Destroying cultural sites as war crime
However, an attack on a cultural site would violate several international treaties and would likely be considered a war crime.
In 2017, for example, a United Nations Security Council resolution “condemns the unlawful destruction of cultural heritage, including the destruction of religious sites and artifacts.” That resolution came as a response to the Islamic State’s destruction of a number of major historic and cultural sites in Syria and Iraq in 2014 and 2015.
The UN was clear then that actions targeting cultural locations constituted a war crime.
“The deliberate destruction of our common cultural heritage constitutes a war crime and represents an attack on humanity as a whole,” said the spokesman for then-UN Secretary-General Ban Ki-moon in 2015.
Nicholas Burns, former undersecretary of state for political affairs and ambassador to NATO, noted the Trump administration supported the 2017 UN resolution condemning destruction of cultural sites.
“His threat is immoral and Un-American,” Burns wrote on Twitter.
Hossein Dehghan, the main military adviser to Iran’s Supreme Leader Ayatollah Khamenei, said Trump’s tweets are “ridiculous and absurd.” He told CNN that Iran’s response “will be military and against military sites.”
If the United States does carry out Trump’s threat to strike any of Iran’s cultural sites, then “for sure no American military staff, no American political center, no American military base, no American vessel will be safe,” Dehghan said. “If he says 52, we say 300, and they are accessible to us.”
In a tweet, Iran Foreign Minister Javad Zarif said an attack on a cultural site is a war crime.
“Having committed grave breaches of (international) law in Friday’s cowardly assassinations, (Trump) threatens to commit again new breaches of JUS COGENS,” he said, referring to the phrase for international law norms. “Targeting cultural sites is a WAR CRIME”
“Those masquerading as diplomats and those who shamelessly sat to identify Iranian cultural & civilian targets should not even bother to open a law dictionary,” he continued. “Jus cogens refers to peremptory norms of international law, i.e. international red lines. That is, a big(ly) ‘no no.'”
US officials say widespread opposition to targeting cultural sites
Two senior US officials on Sunday described to CNN’s Jim Sciutto widespread opposition within the Trump administration to targeting cultural sites in Iran.
“Nothing rallies people like the deliberate destruction of beloved cultural sites.

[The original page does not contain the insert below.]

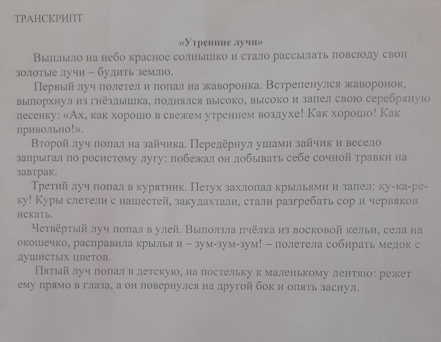 Красное солнышко, золотые лучи, первый луч, серебряную песенку, второй луч , росистосу лугу , сочной травки , третий луч, четвёртый луч, восковой кельи, душистых цветов , пятый луч , маленькому лентяю.

Whether ISIS’s destruction of religious monuments or the burning of the Leuven Library in WWI, history shows targeting locations giving civilization meaning is not only immoral but self-defeating,” one of the officials told CNN.

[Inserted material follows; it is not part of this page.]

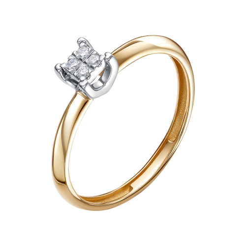 Лаконичное и элегантное кольцо из красно-белого золота 585 пробы, украшенное четырьмя натуральными бриллиантами, прекрасно подойдёт для тех, кто ценит сдержанную роскошь и изысканные детали
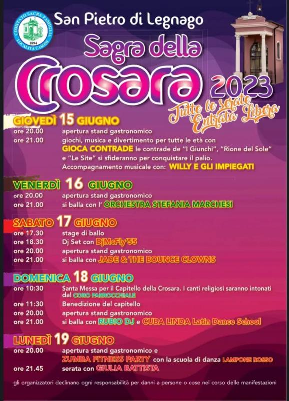 Sagra della Crosara a san Pietro di Legnago dal 15 al 19 Giugno 2023

Another official who formerly worked in both the Trump and Obama administrations told CNN: “As a matter of principle, we as a nation and as a military do not attack the culture sites of any adversary.”

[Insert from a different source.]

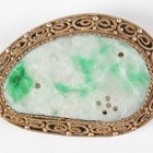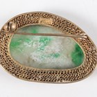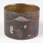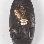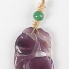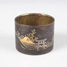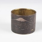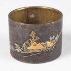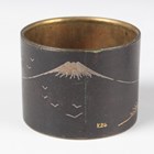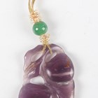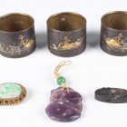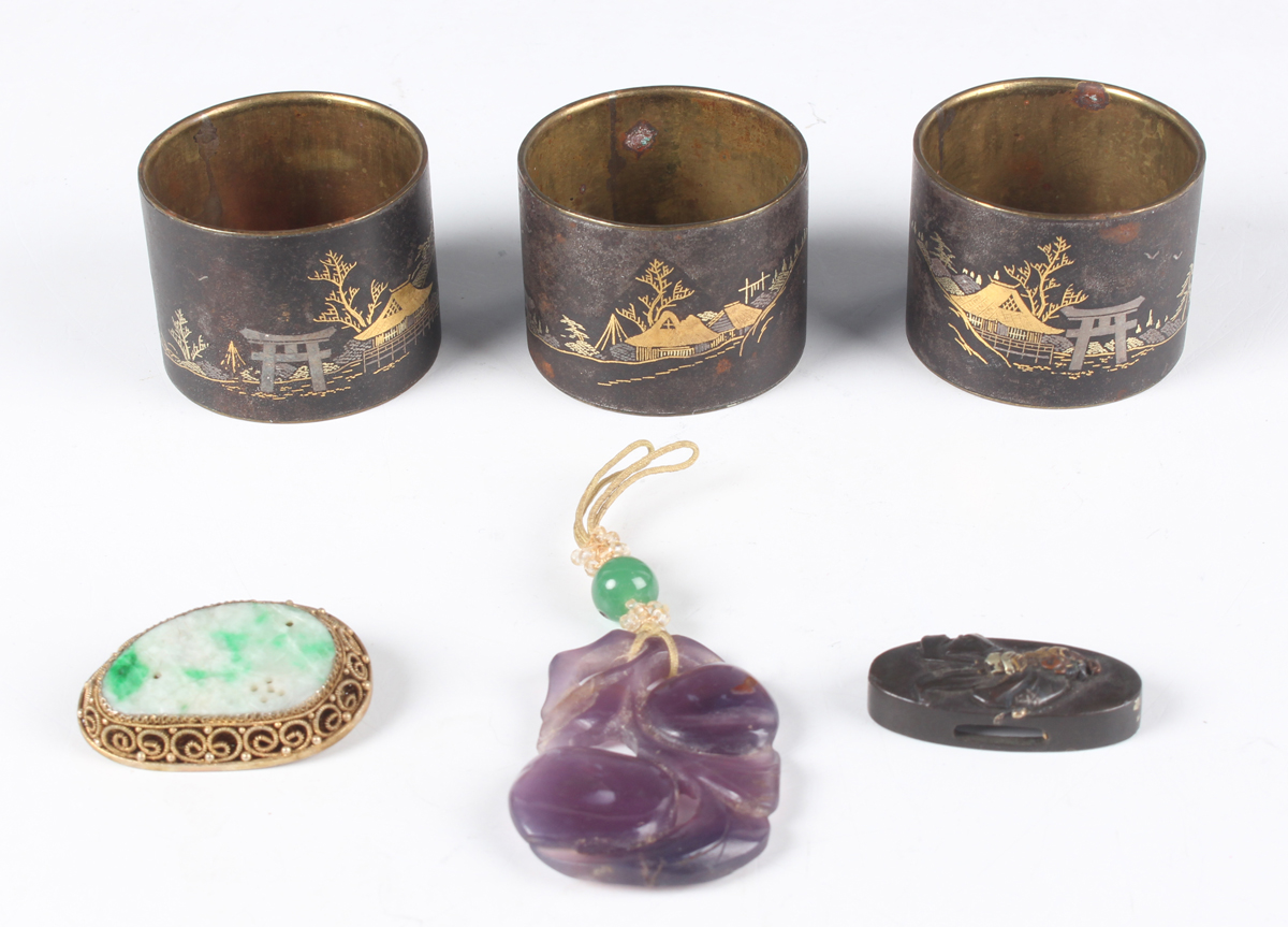 A Chinese amethyst quartz pendant, 20th century, carved and pierced in the form of two peaches and leaves, length 4.5cm, together with a Chinese silver gilt and jade brooch, length 3.6cm, a Japanese bronzed copper kashira, Meiji period, finely cast in relief with a figure, picked out in silver and gilt, length 3.4cm, and three Japanese Komai style napkin rings, damascened with scenes of the floating torii gate and Mount Fuji, diameter 4.1cm.

Additionally, several sources told CNN there are no indications — aside, perhaps, from Trump’s tweet — that the United States would actually strike cultural sites in Iran.
Colin Kahl, former deputy assistant to President Barack Obama and national security adviser to Vice President Joe Biden, expressed skepticism that there are actually cultural sites on the list of possible retaliatory sites.
“For what it’s worth, I find it hard to believe the Pentagon would provide Trump targeting options that include Iranian cultural sites,” he tweeted. “Trump may not care about the laws of war, but (Department of Defense) planners and lawyers do…and targeting cultural sites is (a) war crime.”
Iran has 22 UNESCO World Heritage cultural sites, including the ancient ruins of Persepolis, the historic Masjed-e Jameh mosque in Esfahan and the lavish Golestan Palace in Tehran.